> _Task directions_: Retype word for word the stretch of entries below from the line that has "Виберіть листи, які" through the line that has "当地时间26日报道,日前,俄", and omit the pictures.

*** Supplied entries

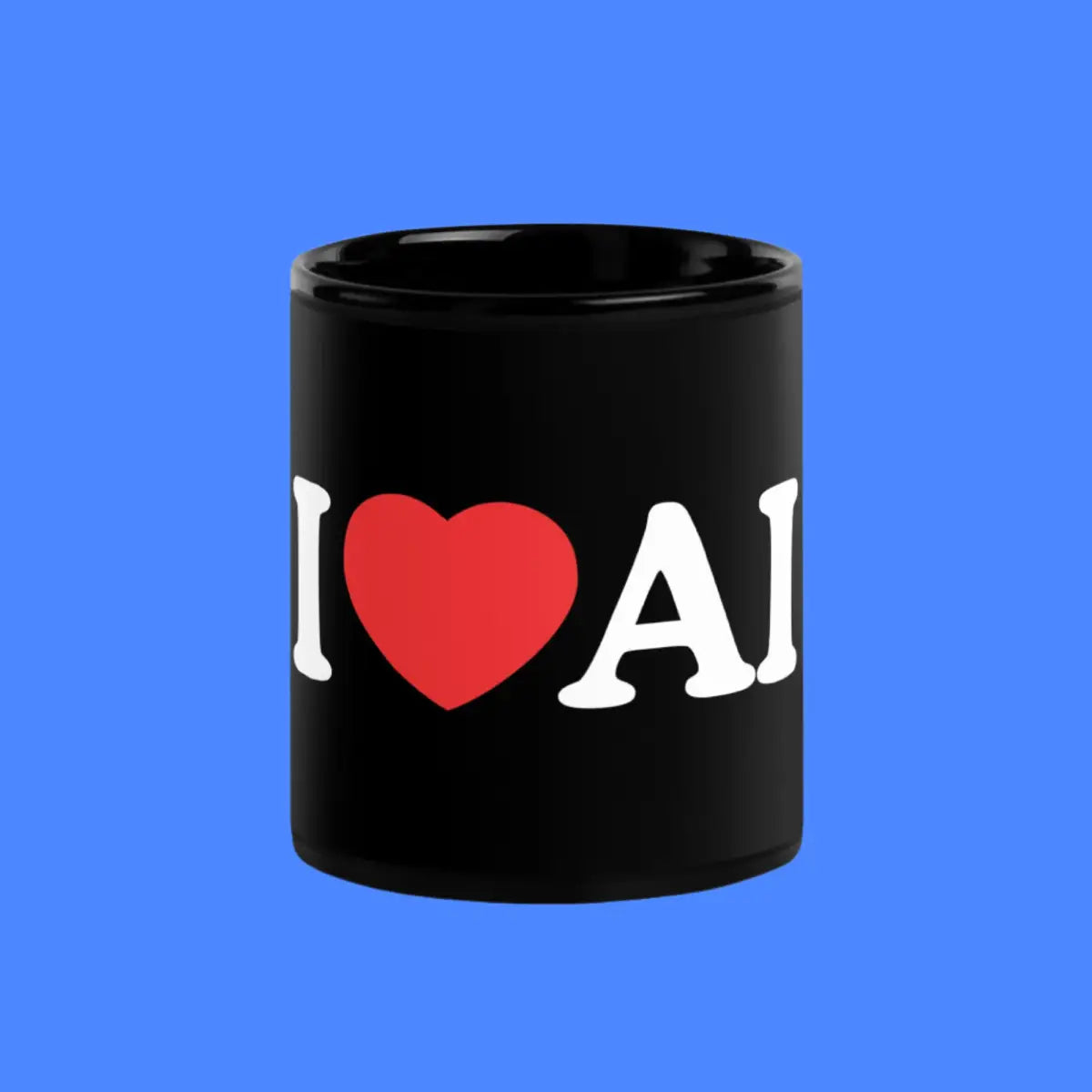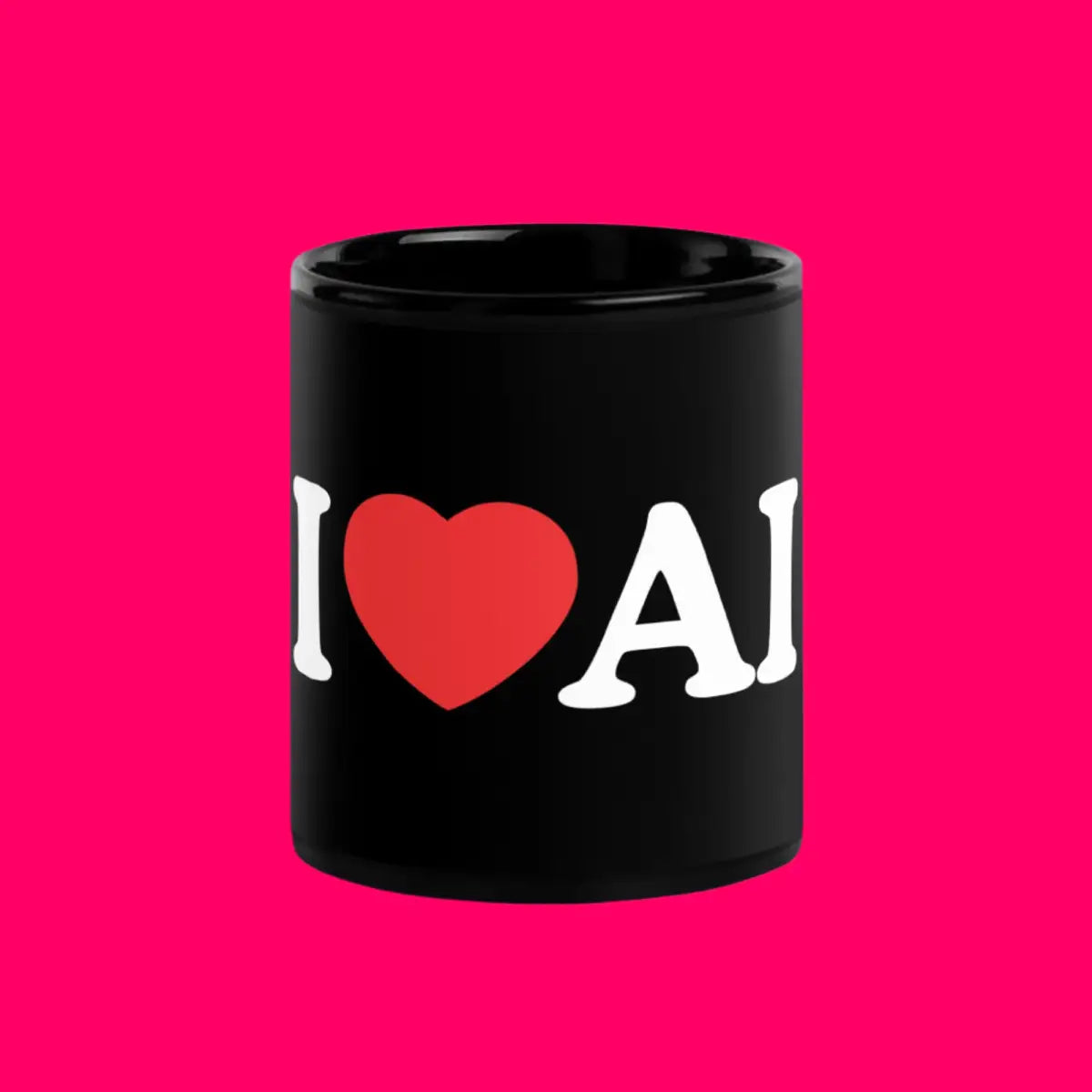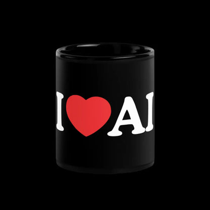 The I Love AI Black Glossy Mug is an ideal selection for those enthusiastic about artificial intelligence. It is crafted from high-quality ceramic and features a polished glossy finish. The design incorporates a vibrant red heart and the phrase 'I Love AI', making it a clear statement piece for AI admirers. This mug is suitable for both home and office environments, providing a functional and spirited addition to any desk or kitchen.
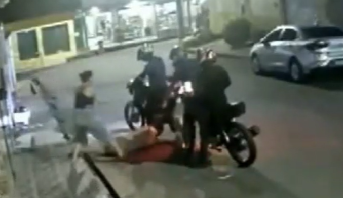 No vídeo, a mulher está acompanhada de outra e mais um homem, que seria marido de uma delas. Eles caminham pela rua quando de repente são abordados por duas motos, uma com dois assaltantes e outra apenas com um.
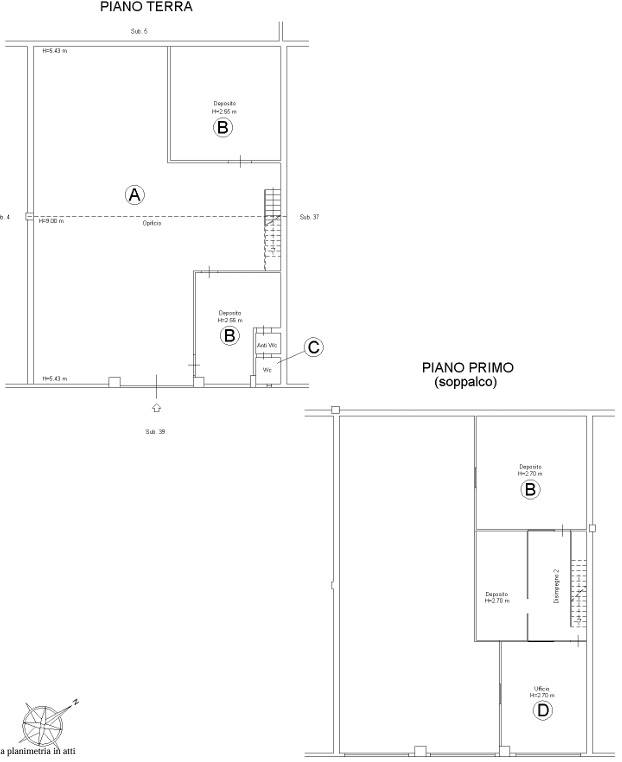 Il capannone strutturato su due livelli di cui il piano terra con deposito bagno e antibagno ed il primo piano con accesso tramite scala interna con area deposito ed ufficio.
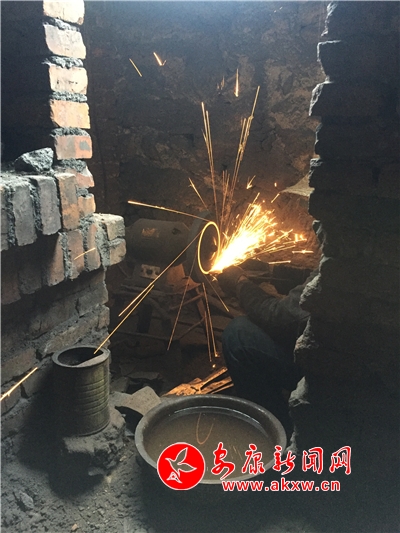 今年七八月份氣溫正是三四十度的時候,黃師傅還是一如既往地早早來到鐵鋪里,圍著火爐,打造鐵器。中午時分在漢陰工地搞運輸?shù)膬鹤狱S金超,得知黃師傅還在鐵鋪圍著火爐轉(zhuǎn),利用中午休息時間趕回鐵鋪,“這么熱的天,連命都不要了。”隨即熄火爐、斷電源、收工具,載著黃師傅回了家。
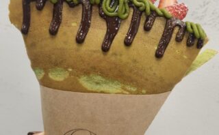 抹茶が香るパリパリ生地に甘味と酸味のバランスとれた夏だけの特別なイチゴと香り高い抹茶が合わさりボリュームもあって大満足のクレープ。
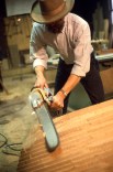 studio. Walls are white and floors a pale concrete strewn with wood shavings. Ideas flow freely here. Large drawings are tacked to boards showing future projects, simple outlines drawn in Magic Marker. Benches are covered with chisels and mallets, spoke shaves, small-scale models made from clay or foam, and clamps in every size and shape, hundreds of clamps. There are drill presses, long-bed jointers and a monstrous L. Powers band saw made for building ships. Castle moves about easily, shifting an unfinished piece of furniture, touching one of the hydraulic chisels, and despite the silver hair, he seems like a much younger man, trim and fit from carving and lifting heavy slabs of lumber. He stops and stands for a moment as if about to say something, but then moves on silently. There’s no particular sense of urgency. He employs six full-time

******
*** Supplied entries

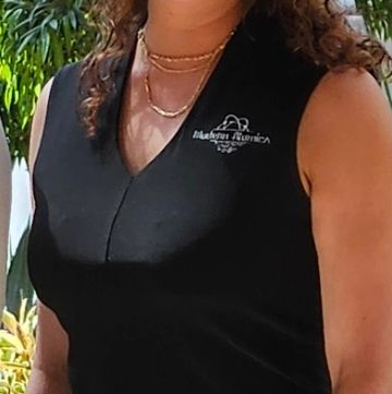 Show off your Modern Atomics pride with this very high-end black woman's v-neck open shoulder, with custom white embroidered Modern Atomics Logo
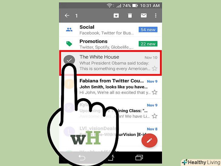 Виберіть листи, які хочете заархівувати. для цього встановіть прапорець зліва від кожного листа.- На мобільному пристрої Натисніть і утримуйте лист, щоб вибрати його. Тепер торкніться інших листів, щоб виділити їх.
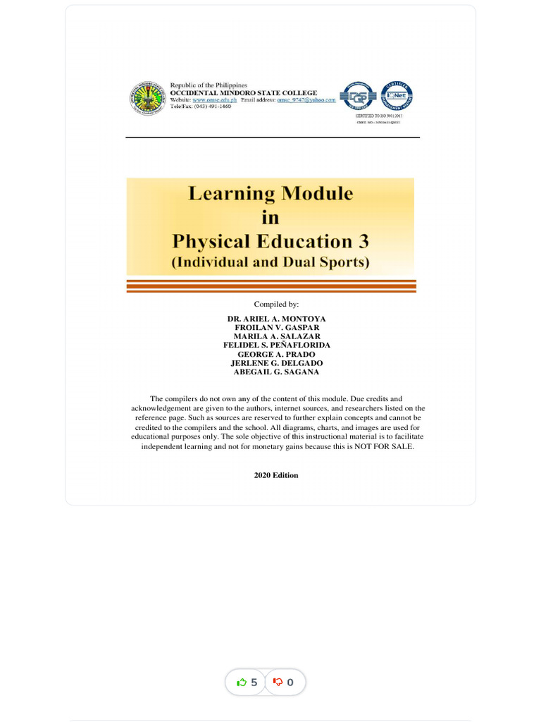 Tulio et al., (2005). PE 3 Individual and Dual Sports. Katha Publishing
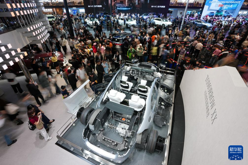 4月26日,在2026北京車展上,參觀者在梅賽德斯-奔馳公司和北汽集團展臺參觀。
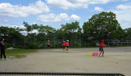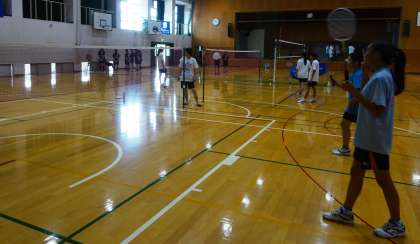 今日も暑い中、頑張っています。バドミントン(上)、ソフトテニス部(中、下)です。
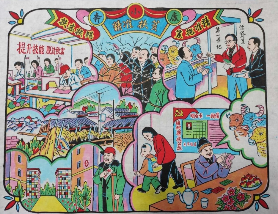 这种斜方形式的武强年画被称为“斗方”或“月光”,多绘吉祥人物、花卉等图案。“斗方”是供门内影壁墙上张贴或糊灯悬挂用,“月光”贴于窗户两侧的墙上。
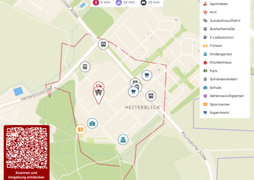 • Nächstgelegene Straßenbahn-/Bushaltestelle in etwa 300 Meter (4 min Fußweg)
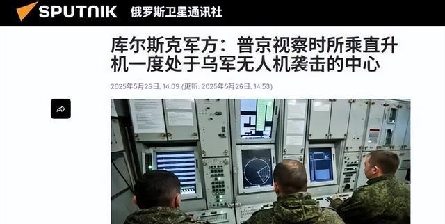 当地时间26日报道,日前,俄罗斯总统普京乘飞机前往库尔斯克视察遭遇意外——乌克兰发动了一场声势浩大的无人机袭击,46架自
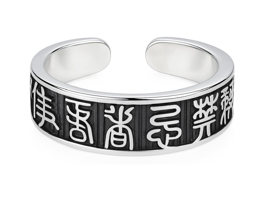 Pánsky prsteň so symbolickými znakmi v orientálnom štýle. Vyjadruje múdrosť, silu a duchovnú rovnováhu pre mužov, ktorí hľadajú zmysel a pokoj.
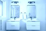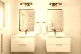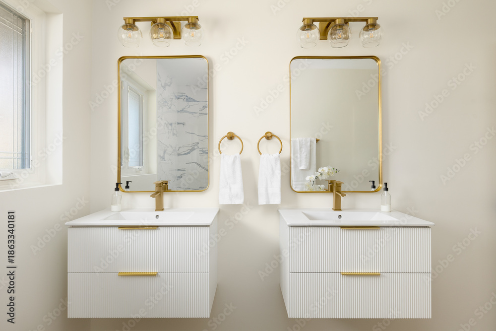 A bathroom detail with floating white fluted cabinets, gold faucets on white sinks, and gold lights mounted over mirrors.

******

> _Response below_:
 Виберіть листи, які хочете заархівувати. для цього встановіть прапорець зліва від кожного листа.- На мобільному пристрої Натисніть і утримуйте лист, щоб вибрати його. Тепер торкніться інших листів, щоб виділити їх.
 Tulio et al., (2005). PE 3 Individual and Dual Sports. Katha Publishing
 4月26日,在2026北京車展上,參觀者在梅賽德斯-奔馳公司和北汽集團展臺參觀。
 今日も暑い中、頑張っています。バドミントン(上)、ソフトテニス部(中、下)です。
 这种斜方形式的武强年画被称为“斗方”或“月光”,多绘吉祥人物、花卉等图案。“斗方”是供门内影壁墙上张贴或糊灯悬挂用,“月光”贴于窗户两侧的墙上。
 • Nächstgelegene Straßenbahn-/Bushaltestelle in etwa 300 Meter (4 min Fußweg)
 当地时间26日报道,日前,俄罗斯总统普京乘飞机前往库尔斯克视察遭遇意外——乌克兰发动了一场声势浩大的无人机袭击,46架自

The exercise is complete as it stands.